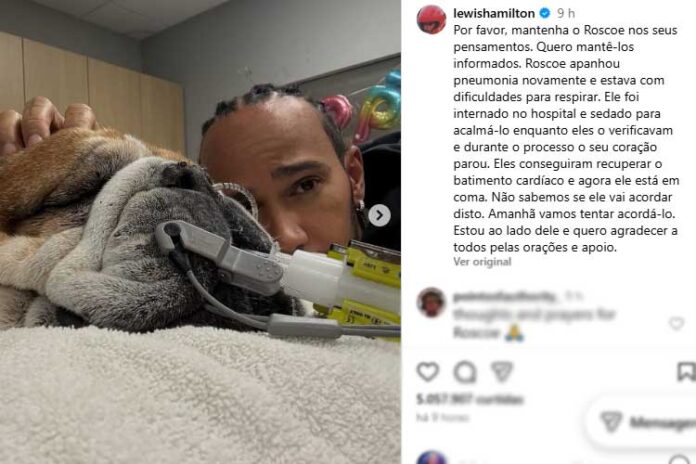 Em seu perfil no Instagram, nesta sexta-feira (26), Hamilton compartilhou registros ao lado do animal, diagnosticado com pneumonia. O piloto aproveitou ainda para pedir boas vibrações para Roscoe, dizendo que os veterinários ainda não sabem ao certo se ele vai acordar.
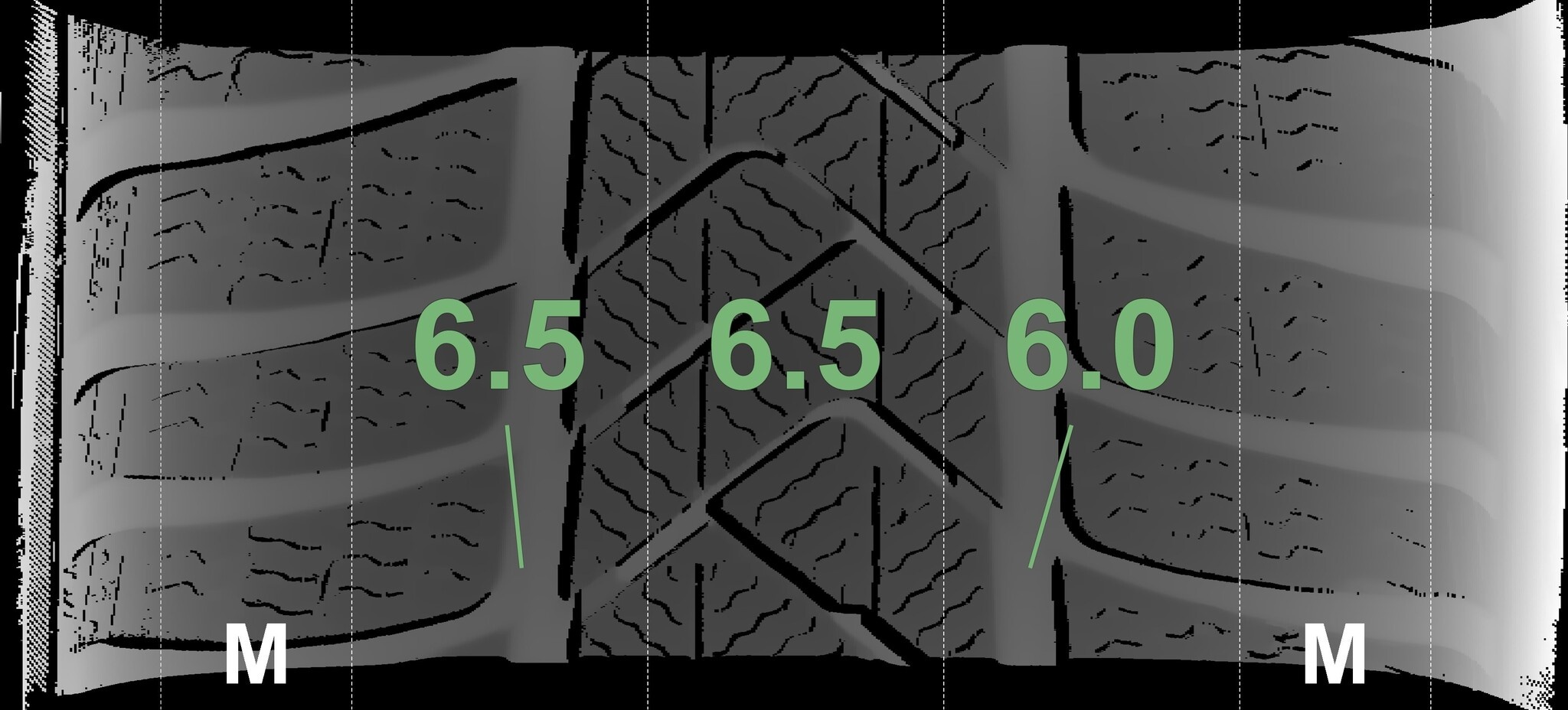 Die gemessenen Profiltiefen und die Details der Felgen sind oben dargestellt.
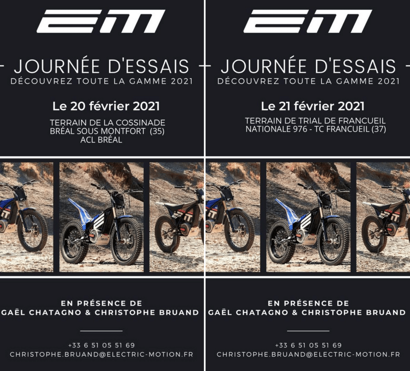 En effet, le samedi 20/02, il vous est proposé d’essayer la gamme Electric Motion sur le terrain de Bréal sous Montfort. Avec pour vous conseiller, rien moins que Chris Bruand et Gaël Chatagno : pas mal, non ?
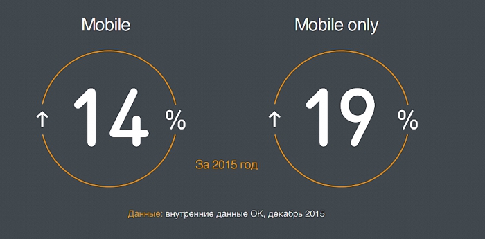 При этом только через mobile в «Одноклассники» заходят 33% от всей аудитории (сегмент вырос на 19% по сравнению с прошлым годом). В целом, в 2015 году заходить в соцсеть через mobile пользователи стали на 14% больше, чем в 2014 году.
^^^^^^^^^^^^^^^^
Exercise aim: Write out each line of the listing above, exactly, from its first line to the line holding "En effet, le", inclusive. Skip the pictures.

Task output:
 Em seu perfil no Instagram, nesta sexta-feira (26), Hamilton compartilhou registros ao lado do animal, diagnosticado com pneumonia. O piloto aproveitou ainda para pedir boas vibrações para Roscoe, dizendo que os veterinários ainda não sabem ao certo se ele vai acordar.
 Die gemessenen Profiltiefen und die Details der Felgen sind oben dargestellt.
 En effet, le samedi 20/02, il vous est proposé d’essayer la gamme Electric Motion sur le terrain de Bréal sous Montfort. Avec pour vous conseiller, rien moins que Chris Bruand et Gaël Chatagno : pas mal, non ?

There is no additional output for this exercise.